По узкой темной лестнице мы поднялись на второй этаж. На лестничной клетке, в тесной каморке, сидели за маленьким столиком трое в военной форме. Один пил чай, двое играли в шахматы. Трещала печурка в углу, тускло светила коптилка, сооруженная из артиллерийской гильзы.

Услышав наши шаги, один из играющих поднял голову и вгляделся в темноту:

— Это ты, Саша?

— Я, Николай Сергеевич.

— Летчиков ведешь?

— Летчиков.

Саша протянул ему какую-то бумажку. Тот прочитал ее, аккуратно свернул и положил в карман гимнастерки. Осмотрев нас внимательно, очевидно, запоминая лица, он сказал:

— Добро, проходите. — И снова склонился над доской.

Нас встретила женщина с отечным лицом. Взяв со стола в прихожей горящую коптилку, она прошла в небольшую комнатку с двумя застланными свежим бельем койками. Саша распрощался и ушел, а женщина сказала тусклым голосом:

— Раздевайтесь, умывайтесь, и я проведу вас в столовую.

Мы с Ваней переглянулись.

— В столовую?

— А как же — ужинать.
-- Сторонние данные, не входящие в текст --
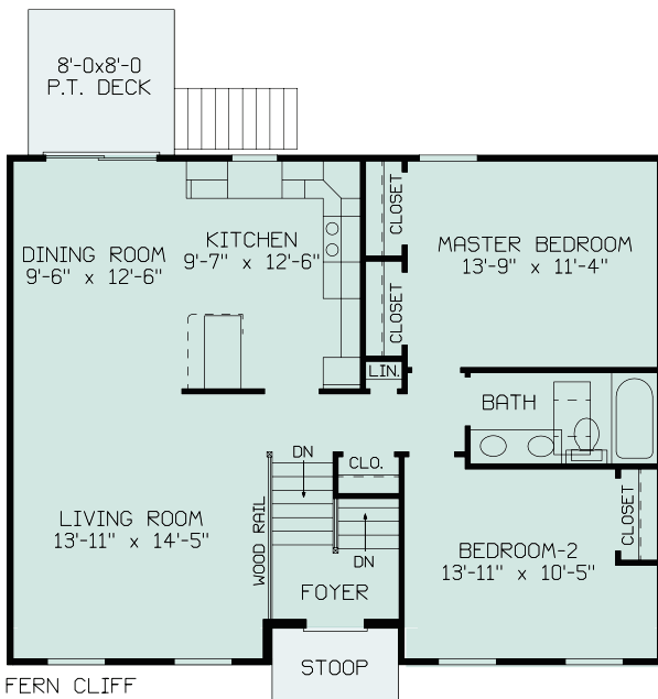
FERN CLIFF 36'-0" x 28'-0" 994 SQ. FT.

994 Total sq. ft. of living area, 994 sq. ft. additional unfinished lower level with four single windows and 3/0 walkout door, 2 bedroom, Master bedroom with two closets, One bath with 60" double bowl vanity with two sets drawers, tub/shower and skylight. 3/4" Oak hardwood flooring in foyer and wood railing between living room and foyer, Kitchen with pantry cabinet and eat at peninsula, Patio door to rear 8' x 8' pressure treated wood deck with access to the rear.
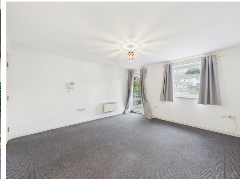
Flat 5 Kings View, West End Road, High Wycombe, Buckinghamshire, HP11 2PQ
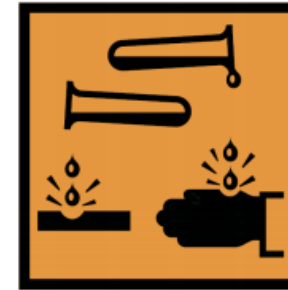
Corrosive (may damage skin)
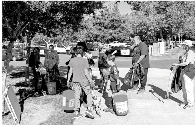
Park Clean-up volunteers grab gear to prepare to fan out across the Park's natural areas and find trash.

A small but enthusiastic group of neighbors including families with kids arrived in the bright morning sunshine at Maidu Park by the pavilion and selected gear to use for the clean-up. Many anticipated what would be needed and brought their own gloves and trash grabbers, and the Association was able to provide more grabbers, buckets, and the City provided the all important trash bags. After receiving brief safety instructions, everyone fanned out to collect trash in the natural area of their choosing.
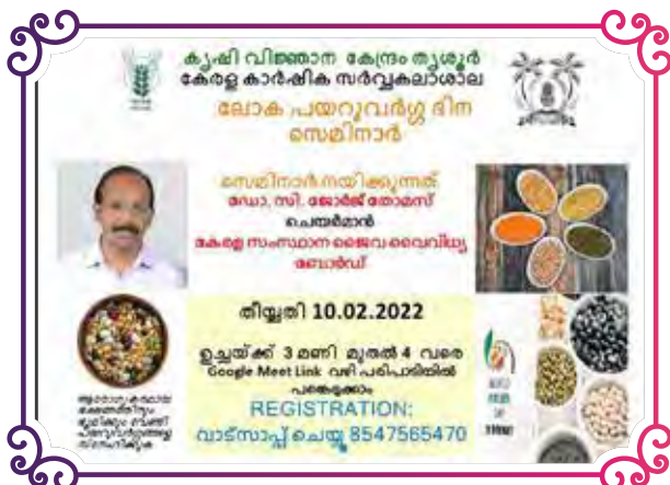
World Pulses day flyer
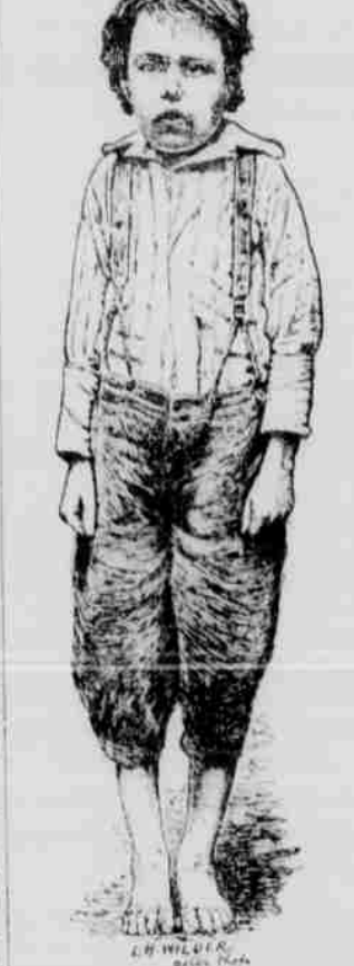
Boy, 18 years of age, suffering from severe case of Hookworm infection. Growth greatly retarded, suffered from palpitation of heart and stomach trouble; gets out of

TREATMENT. This will absolutely cure every case. Is simply and in no way injurious or dangerous
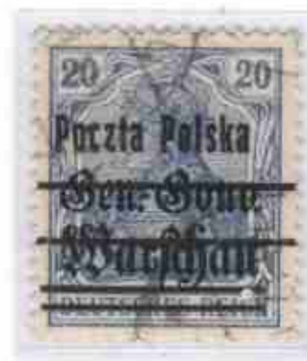
B2 - dot between o and c
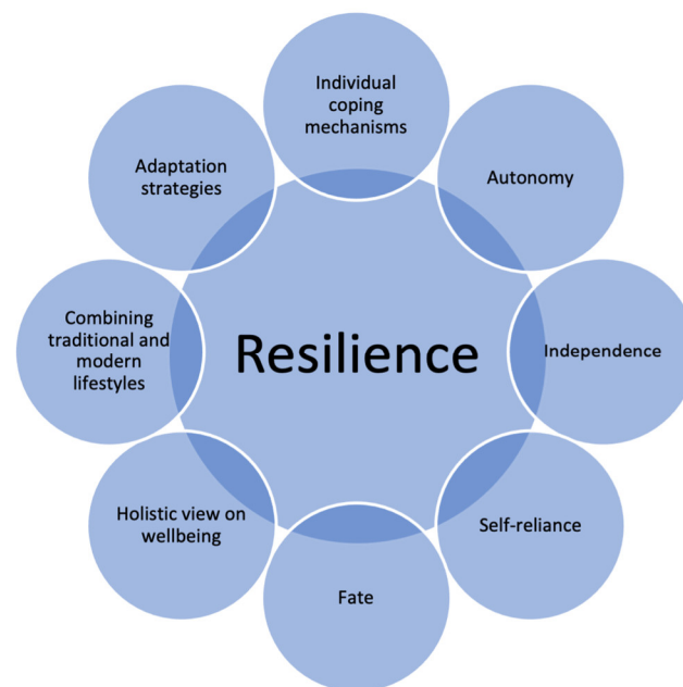
Figure 2. Factors promoting resilience, as found for the Sámi (search B).

Thematic analysis unveiled a spectrum of resilience-promoting factors perceived by the Sámi community. These are summarized in Figure 2. The Sámi appear to place a high value on ‘independence’ and ‘autonomy’ [41,62,78,79]. Within half of the Sámi literature examined [75–78], ‘individual coping mechanisms’ [76] were elucidated, often ingrained from childhood, such as ‘taking ownership of individual actions’ [75,78,79], maintaining resilience and optimism, or ‘carry on and be positive’ [75,76,79], and cultivating ‘self-trust, confidence, and perseverance’ [41,78]. In navigating challenging circumstances, Kowalczewski and Klein [62] found that their participants predominantly described individual coping mechanisms, such as ‘journaling, solitary retreats to reindeer pastures, and hiking,’ rather than communal strategies such as ‘seeking support from friends and family or engaging in group activities’ [62].
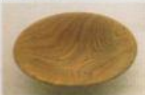
Santa Mexican Rosewood Cordia gerascanthus - Mexico
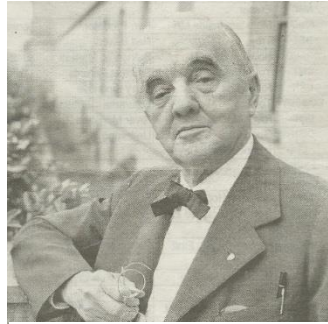
Senator Norris. Pftd.

"Menominee commitments in World War II" by Jerry Chappell, March 10, 2011.
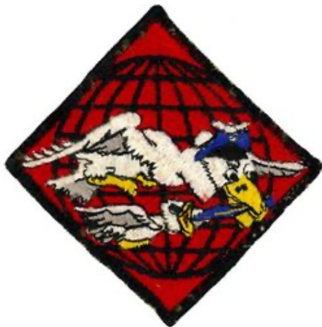
622 Air Refueling Squadron emblem: A caricatured pelican feeding a baby pelican a fish, superimposed on a globe. (Approved, 15 Jun 1956)
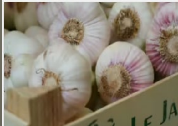
National Garlic Day
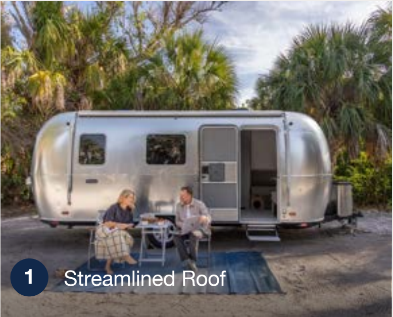
1 Streamlined Roof

A/C moves under roadside bed for a clean silhouette
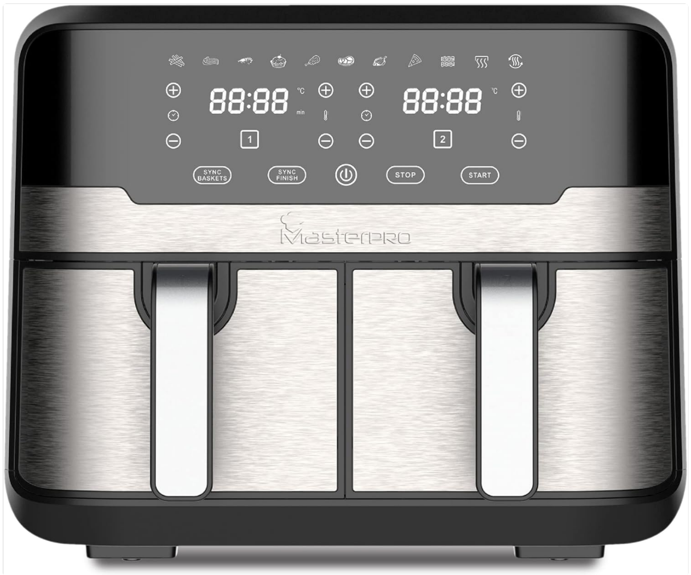
Front view of the MasterPRO Rocket Duo 9L Air Fryer, showcasing its dual baskets and intuitive LED touch control panel.
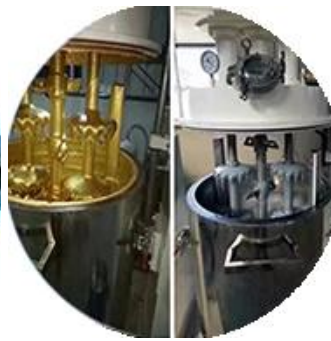
Bayanin sarrafa batutuwa
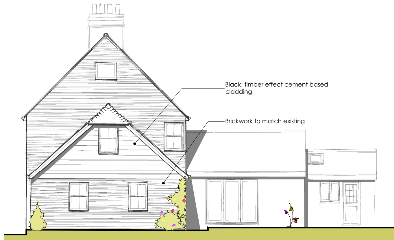
side - south west
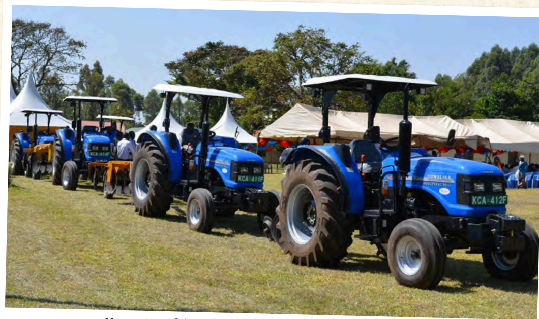
Farm Machinery purchased by Bungoma County
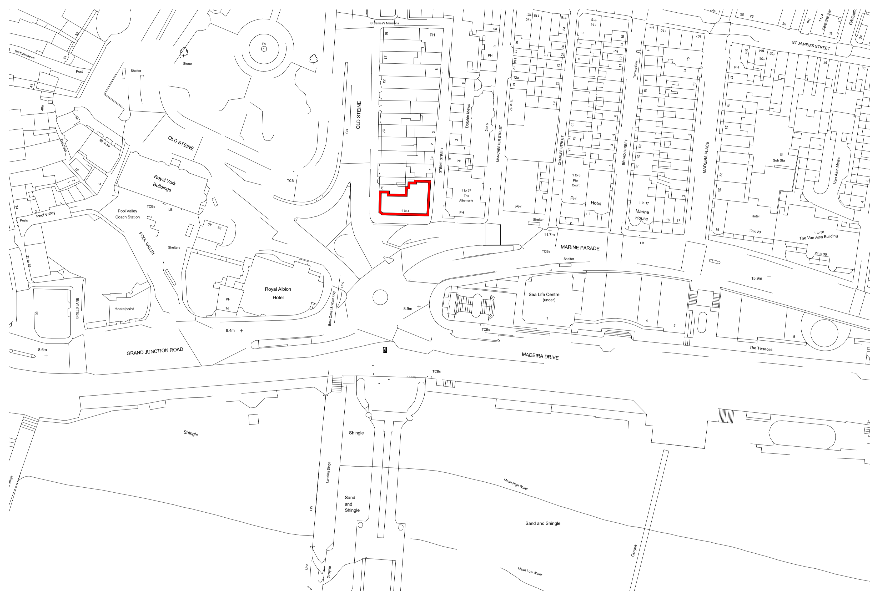
1 (01) SITE PLAN - Existing Floor Plan 22.08.000 1 : 1250 @ A1
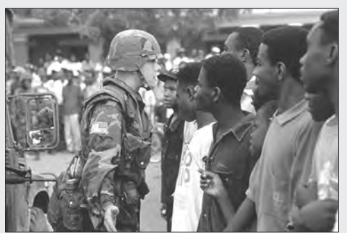
confronted by Haitian people at a demon stration calling for the return of Aristide.

situation in Haiti has deteriorated so severely under occupation that the police forces have sealed off poor neighbourhoods and are not even allowing ambulances in to treat people attacked by death squads. Canada's contribution to the
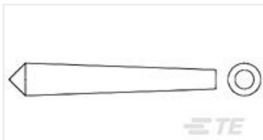
TE Part #770678-1 SEAL PLUG, AMPSEAL
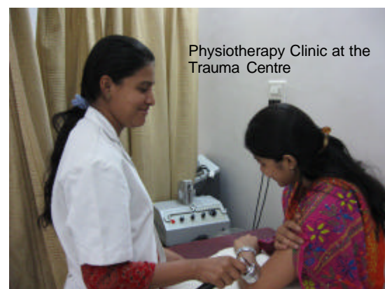
Physiotherapy Clinic at the Trauma Centre
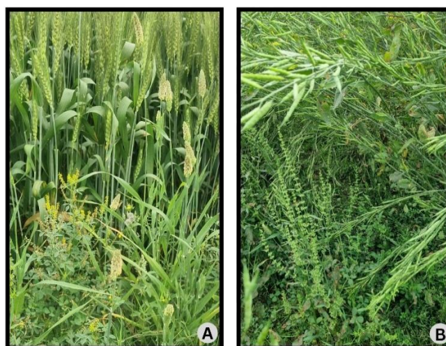
Fig. 3: Occurrence of different weeds in crop fields. A- Wheat, B- Mustard
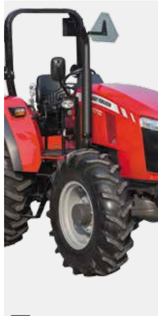
Page 3 Global Series
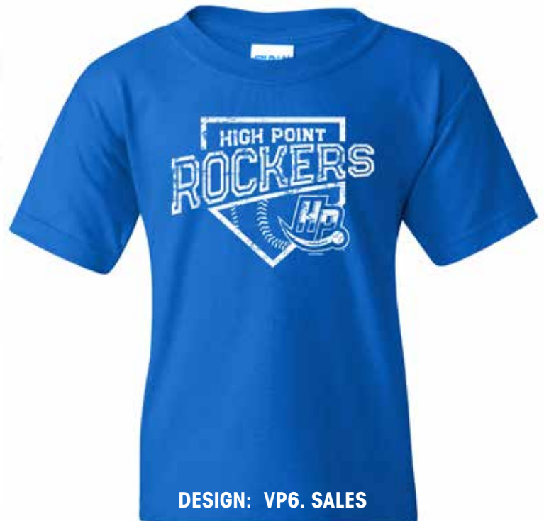
DESIGN: VP6. SALES
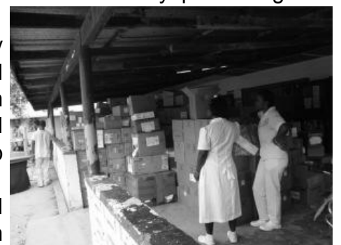
Medwish supplies in Liberia

MedWish International provides donated medical supplies to individuals and organizations dedicated to providing care that directly alleviates the suffering of people in underserved areas regardless of religious or political affiliation.
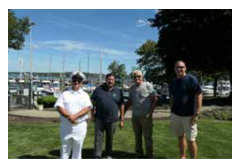
The Decommissioning Ceremony To honor the men and women who built and maintained the clubhouse for more than 72 years.
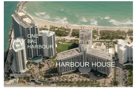
Built in 1984/2007 - 451 units - 15 floors
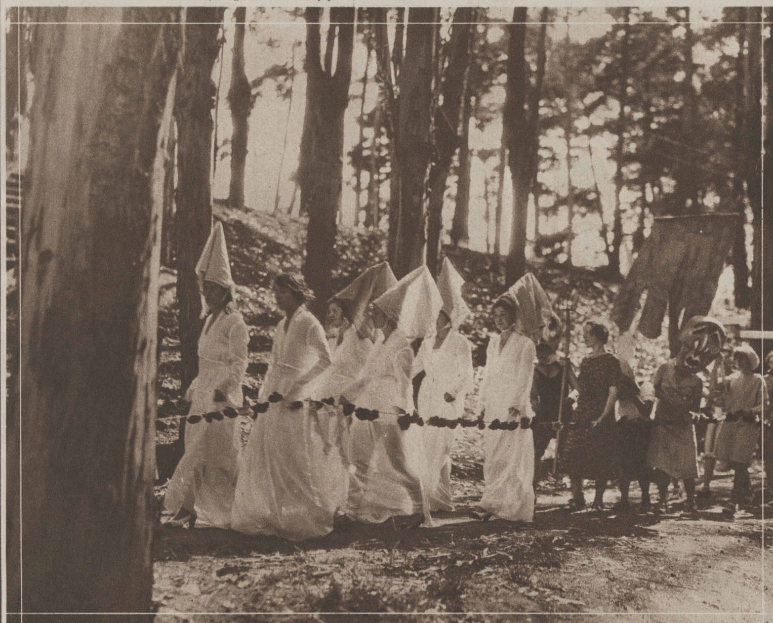
A CAMPUS PAGEANT STRIKES A CLASSICAL NOTE—Commencement at Mills college, Oakland, Cal., brings a picturesque "dance drama" to view. These characters are spinners, homeward plodding their weary way from the mill.

OUR $25.00 PERMANENT WAVE Temporarily $10.00 OUR $15.00 WAVE Temporarily $7.50
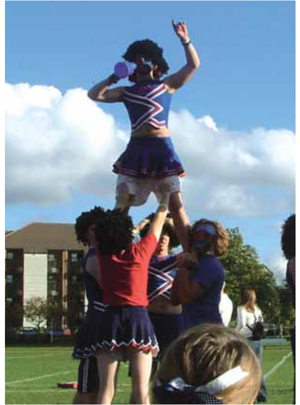
Powderpuff, a Lakenheath High school tradition have football players dress up as cheerleaders and learn cheer stances during Homecoming week.

Once the housing area and school zone are determined, the sponsor should report to the appropriate school office and complete the registration forms. Registration forms may be accessed at www.lakenheath.af.mil/libertykids . Registration for new students takes place year-round.
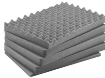
iM2600-FOAM 5 pc. Replacement Foam Set
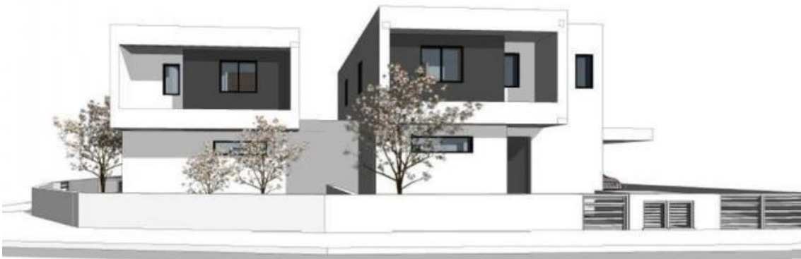
3D View 4
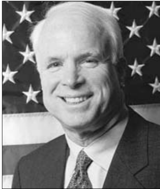
Senator John McCain, a Navy pilot in the Vietnam War, is pressing for a bill that bans “cruel, inhuman, or degrading treatment or punishment” of anyone in U.S. custody.

The Bush administration denies that it outsources torture. President Bush has stated: “Torture is never acceptable, nor do we hand over people to countries that do torture.”
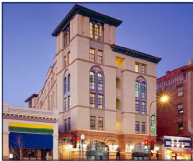
Bachenheimer Building 2119 University Avenue
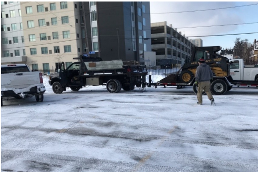
Image of a bobcat compact tractor with a front end loader filled with snow
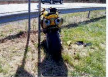
100_2552.JPG 2/18/2007 2:08:56 PM
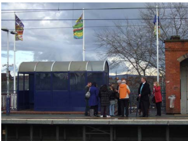
Flying the flag at Levenshulme.
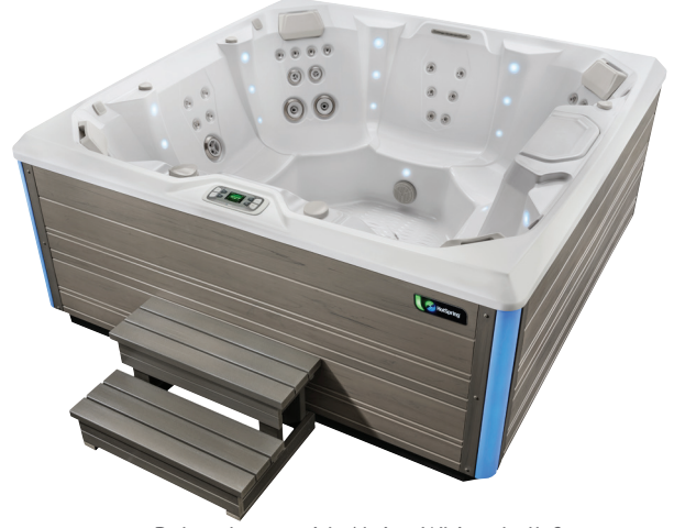
Pulse shown with Alpine White shell & Coastal Gray cabinet
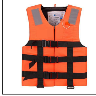
Marine life Jacket
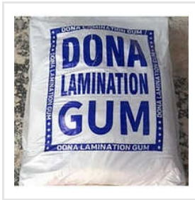
Paper Plate (Dona) Gum Powder For
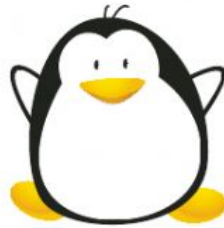
penguin qì é
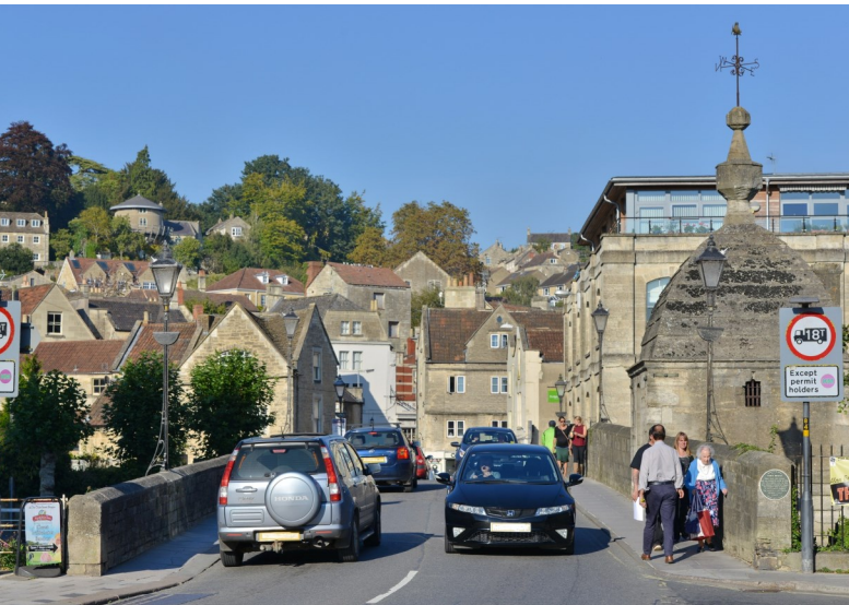
Pictured: photo of traffic coming across the Town Bridge
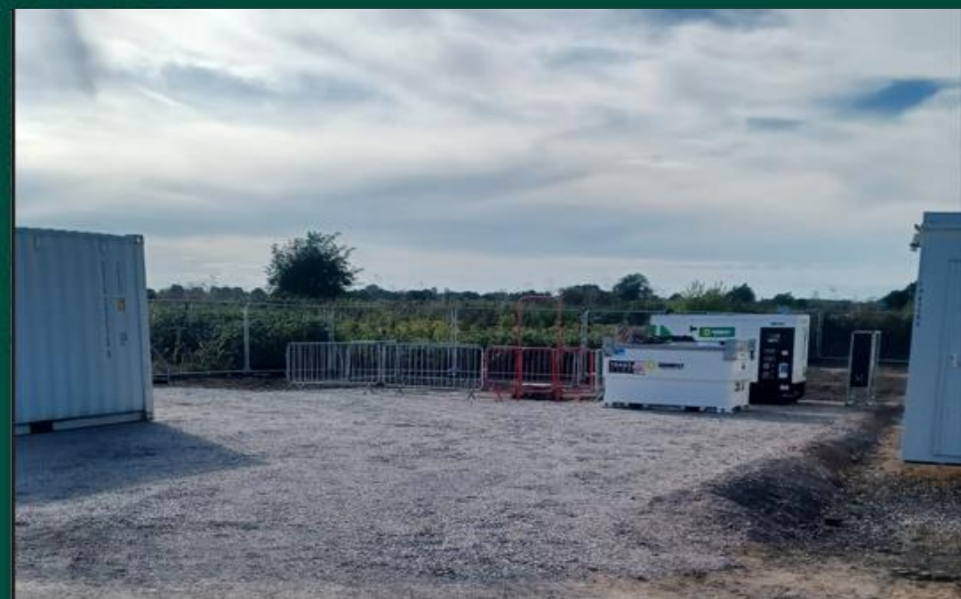
Installation of site cabins during site setup phase
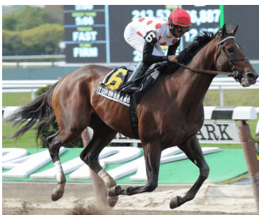
To Honor and Serve

Вам положена летная норма.

Женщина ушла.

— Летная норма! — сказал Архангельский, садясь на стул и сдергивая с ноги унт. — И это здесь — в Ленинграде! Для приезжих! Черт знает что!

И все-таки она отвела нас в столовую. Небольшой зал, десятка полтора столиков, накрытых белыми скатерками. Приборы, бумажные салфетки. И, может быть, от этой неожиданной опрятности и какого-то, как нам казалось, искусственного домашнего уюта на нас повеяло таким холодом, что мы поежились. Все здесь нам казалось невероятным и совершенно неподходящим для голодающего города, где крошке хлеба не было цены.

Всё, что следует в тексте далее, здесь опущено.